* **Exercise**: Each line starting at the one that contains "- Hướng in và" and ending at the one that contains "Villeroy & Boch" must be returned exactly, and the rest of the listing is left out.

* **Information**:
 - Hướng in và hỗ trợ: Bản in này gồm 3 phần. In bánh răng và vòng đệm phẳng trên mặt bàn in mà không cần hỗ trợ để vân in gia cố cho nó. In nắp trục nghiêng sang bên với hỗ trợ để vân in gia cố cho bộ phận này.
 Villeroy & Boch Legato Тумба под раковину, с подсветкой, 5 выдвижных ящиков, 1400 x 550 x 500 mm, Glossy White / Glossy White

---

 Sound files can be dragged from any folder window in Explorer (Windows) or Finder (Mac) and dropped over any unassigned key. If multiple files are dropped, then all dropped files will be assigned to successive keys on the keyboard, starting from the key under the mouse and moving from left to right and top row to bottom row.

==

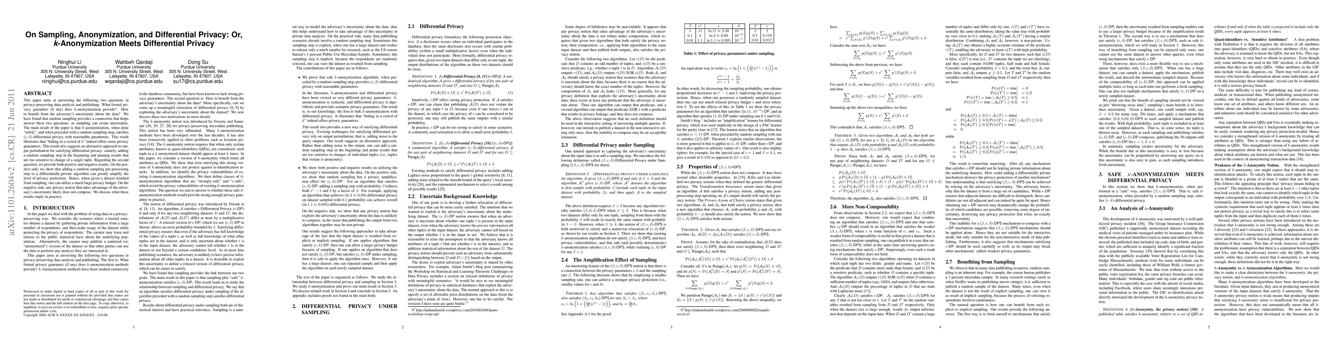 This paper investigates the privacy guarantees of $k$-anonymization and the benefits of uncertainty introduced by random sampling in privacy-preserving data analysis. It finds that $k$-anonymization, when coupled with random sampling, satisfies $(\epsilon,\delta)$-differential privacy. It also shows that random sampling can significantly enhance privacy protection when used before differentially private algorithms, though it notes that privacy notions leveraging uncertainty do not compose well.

* **Answer for this exercise**:
 - Hướng in và hỗ trợ: Bản in này gồm 3 phần. In bánh răng và vòng đệm phẳng trên mặt bàn in mà không cần hỗ trợ để vân in gia cố cho nó. In nắp trục nghiêng sang bên với hỗ trợ để vân in gia cố cho bộ phận này.
 Villeroy & Boch Legato Тумба под раковину, с подсветкой, 5 выдвижных ящиков, 1400 x 550 x 500 mm, Glossy White / Glossy White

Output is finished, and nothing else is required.